In some parts of the US, rock ‘n’ roll gigs were still relatively scarce in the mid-1960s, leaving fans with long journeys to see the stars. Fortunately, Petty and his bandmates chose a night with an “incredible” lineup of contemporary heroes. “The show opener was The Premiers, who did ‘Farmer John’,” Petty began to list enthusiastically. “Then Del Shannon came out and Lesley Gore, both backed by The Premiers. Then the Shangri-Las rolled out Mary Weiss and Sam the Sham, and The Pharaohs hit the stage with ‘Wooly Bully’ and those turbans.”

The record that changed it all for Tom Petty

Within the first half an hour, Petty had seen some of the contemporary greats, but the best was still yet to come. “There was an intermission, and The Zombies came out and fried my brain,” an awed Petty continued. “The singer, Colin Blunstone, had such an ethereal voice; it was spooky.” At the time, the British invasion band had just released their eponymous debut album and had a significant hit with ‘She’s Not There’.

During their performance, The Zombies played the early single ‘I Want You Back Again’, which became one of Petty’s favourites. After the gig, he tracked down the single and learned how to play it on his first guitar. Many years later, he began to weave the song into his live repertoire with The Heartbreakers and became one of many musicians behind The Zombies’ return to the spotlight.

From that moment on, Petty would always assert that the band changed him with their deeply affecting sound. This was the British “difference” he spoke of. It enlivened his all-American ears, and he wanted more of it. With that in mind, he always ranked ‘She’s Not There’ among his favourite rock ‘n’ roll songs, explaining, “That piano break was over our head at the time, but so right. Colin Blunstone’s voice was a sound I had never heard. I thought if a zombie sang, that’s how he would sound.” That certainly wasn’t what you were going to get “off the Shirelles”.

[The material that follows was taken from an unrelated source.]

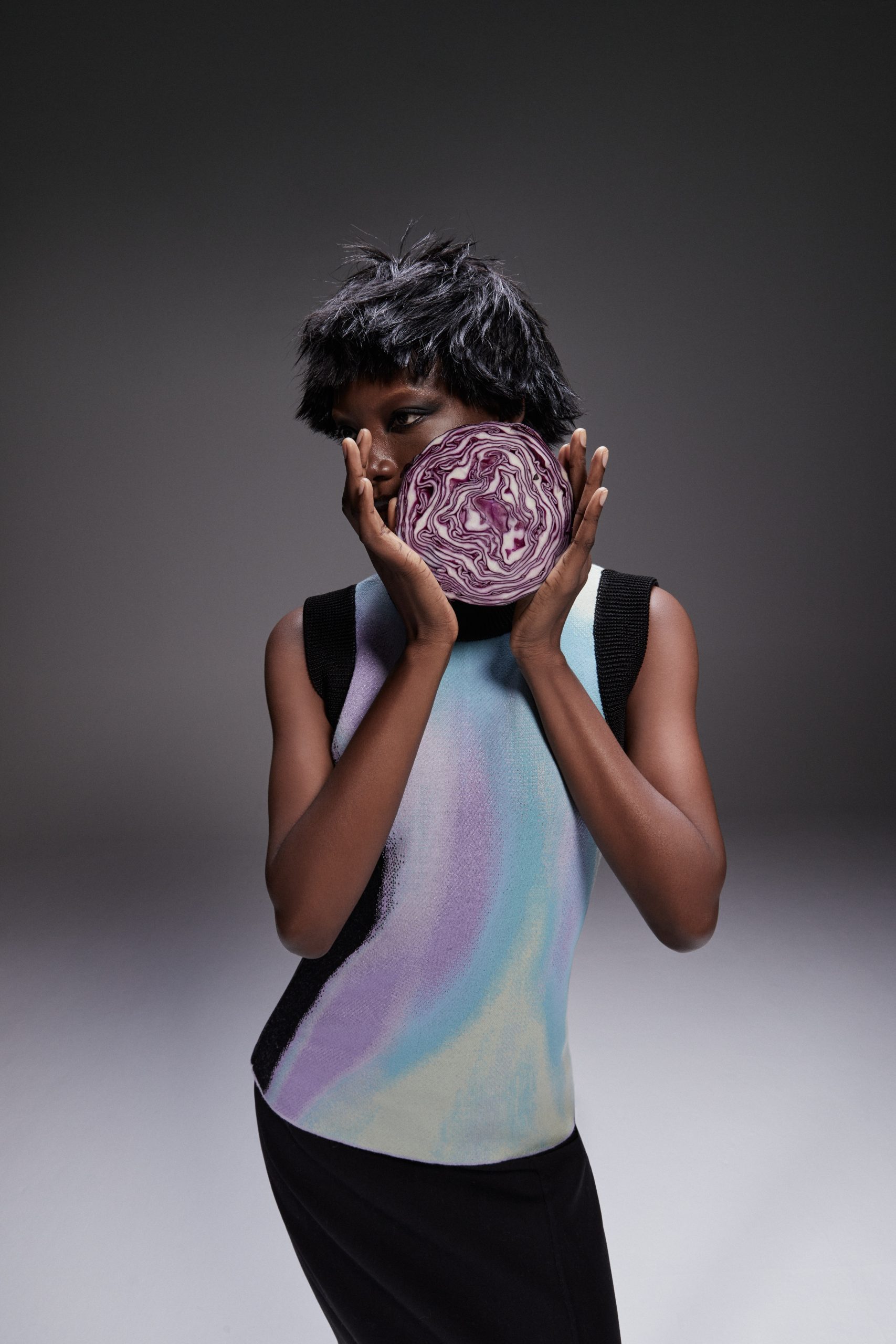 Il risultato finale è maggiore della somma delle sue parti, perché a integrare gli abiti c’è la personalità di chi li indossa, lusingata da crêpe, seta, lana, o addirittura lino, quasi tutti in versione double con abbinamenti impensati. La tavolozza dei colori incorona il nero come sovrano incontrastato, il cui regno è interrotto da lampi rivoluzionari di viola, verde assenzio, rosa corallo in alcune stampe astratte ispirate ai tagli di Lucio Fontana, di cui Mila Schön era amica e collezionista. Una collezione che s’impone per la sua atemporalità ma anche per il suo essere perfettamente nell’aria dei tempi. «La semplicità è la sorella dell’intelligenza» è una citazione di Costantin Brancusi che Audibet ha fatto sua, dove per semplicità s’intende la conseguenza di un’attenta costruzione per un’estetica che vuole sottrarsi a un esasperato consumismo. Sono abiti e accessori che sono pensati per durare, richiamano una nuova arte del vivere che ci porta a una dimensione semplicemente contemporanea.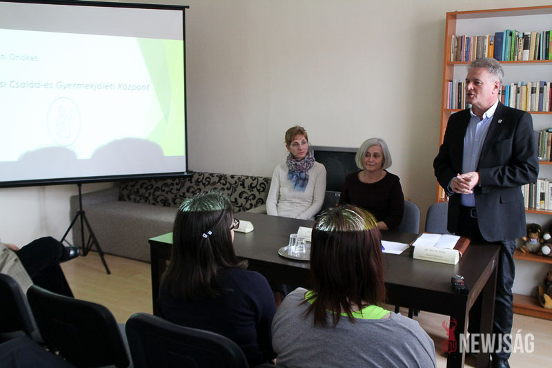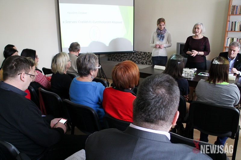 Tóth Tamásné intézményvezető előadásában részletezte az intézmény felépítését és dolgozói létszámát, és kitért a tavalyi év közepétől elindult új szolgáltatásra, az iskolai és óvodai segítő tevékenységre is. Erre a célra a központ 40 millió Ft-ot nyert az Emberi Erőforrások Minisztériumától, lehetővé téve, hogy két főállású szakemberrel és pszichológus bevonásával az oktatási intézményekben nyújtsanak segítséget. Szeptembertől ezt a munkát kötelezően előírt feladatként végzik, immár megduplázott munkaerővel.

All the same, following their debut album, The Zombies entered a dry spell, releasing only a scattering of singles through the mid-1960s. They eventually regrouped to record an ambitious follow-up album, Odyssey and Oracle. In 1967, they previewed the album with the lead single ‘Care of Cell 44’, which failed to make much of an impact on either side of the Atlantic.

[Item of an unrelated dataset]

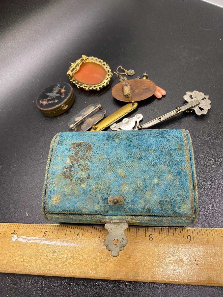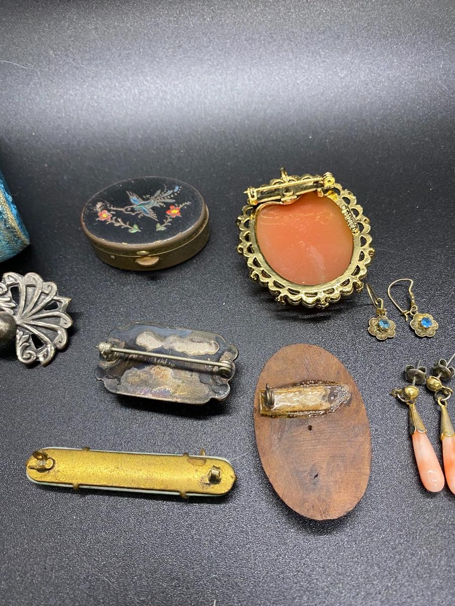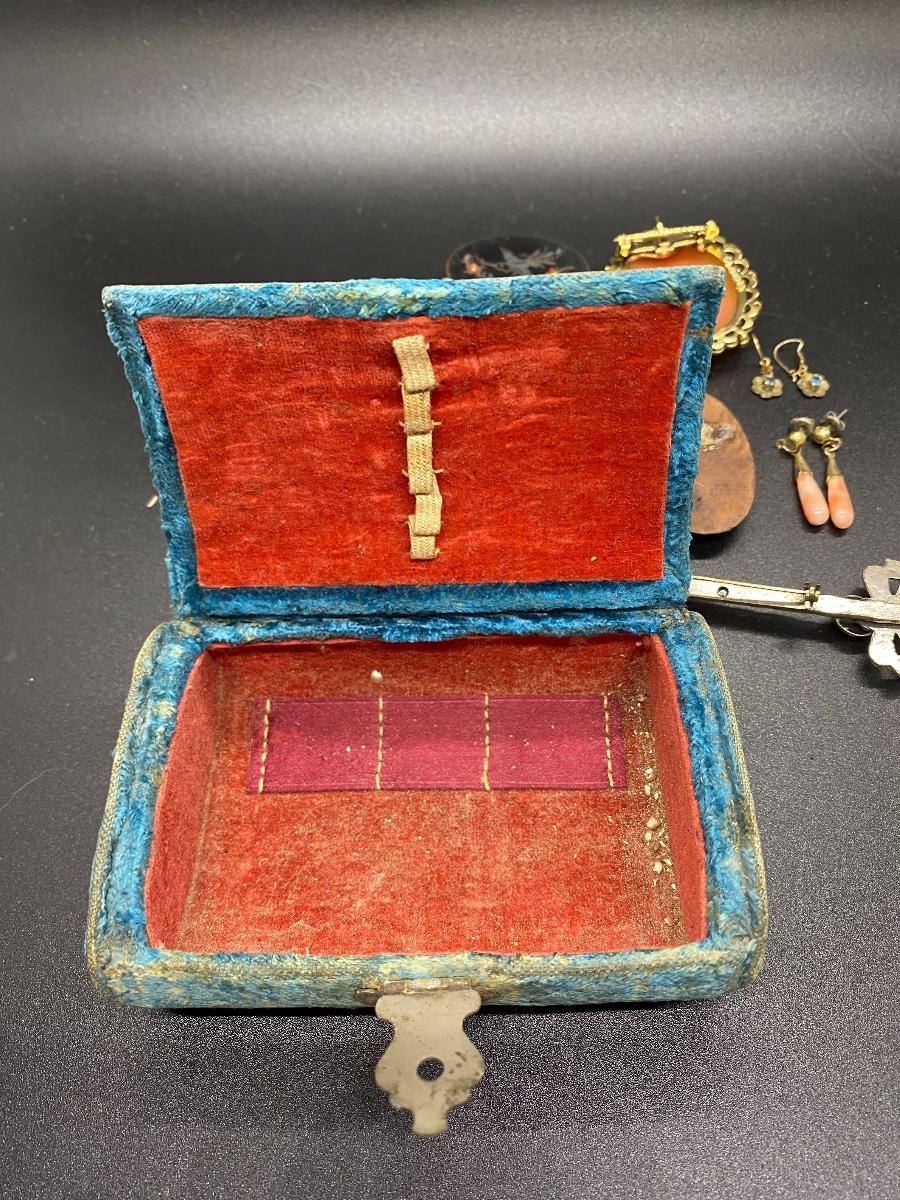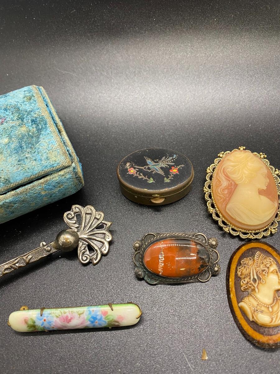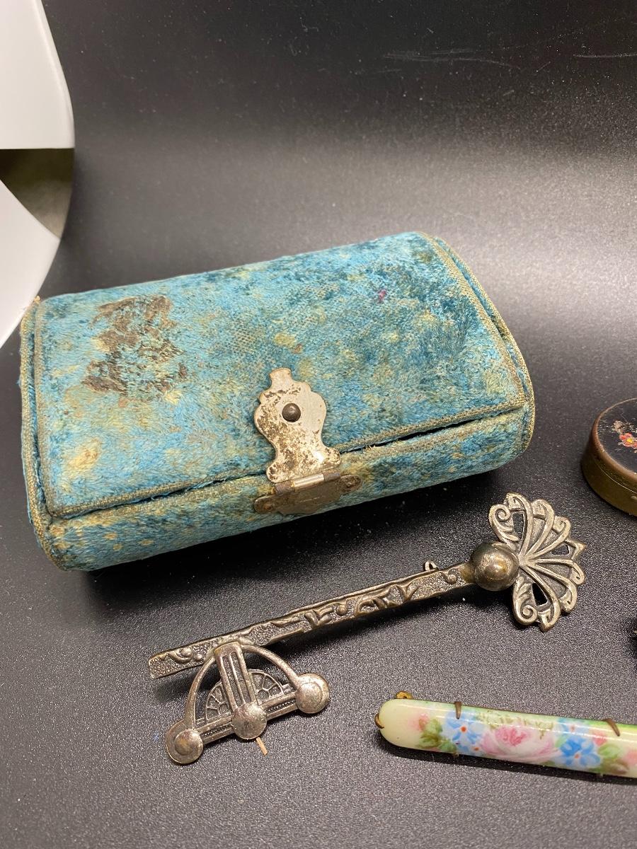 Antique & vintage Victorian Lot. Jewelry, trinket pill box, and a velvet box. Enamel on pill box is a little worn. The velvet box looks like a small size sewing box or manicure tool box. A couple pins are missing the backs, great for repurpose.

With very little hope for the album’s commercial performance, The Zombies disbanded to focus on various collaborations and solo projects. Little did they know, but in conjunction with the hit single ‘Time of the Season’, Odyssey and Oracle would receive a warm reception upon its arrival in 1968. Their weirdness had made them stand out in the States. ‘What was this music and what kind of creature bore it’, was a question not only being asked by Petty.

As Blunstone reflected in an interview with Far Out back in 2024, the psychedelic-era masterpiece has grown from strength to strength through the years. It now supports the band’s towering legacy as Rock and Roll Hall of Fame inductees. Not bad considering the album “nearly wasn’t released in America altogether,” according to Blundstone.

Yet, it tied perfectly into the zeitgeist, capturing the Stateside paranoia of the 1960s, impacting the rise of innovative psychedelia riddled with “spooky” meaning. For his immortalised legacy, Blunstone thanks the many artists who kept The Zombies’ music alive through the decades, including Tom Petty, Paul Weller, Elliott Smith, Dave Grohl and Cher.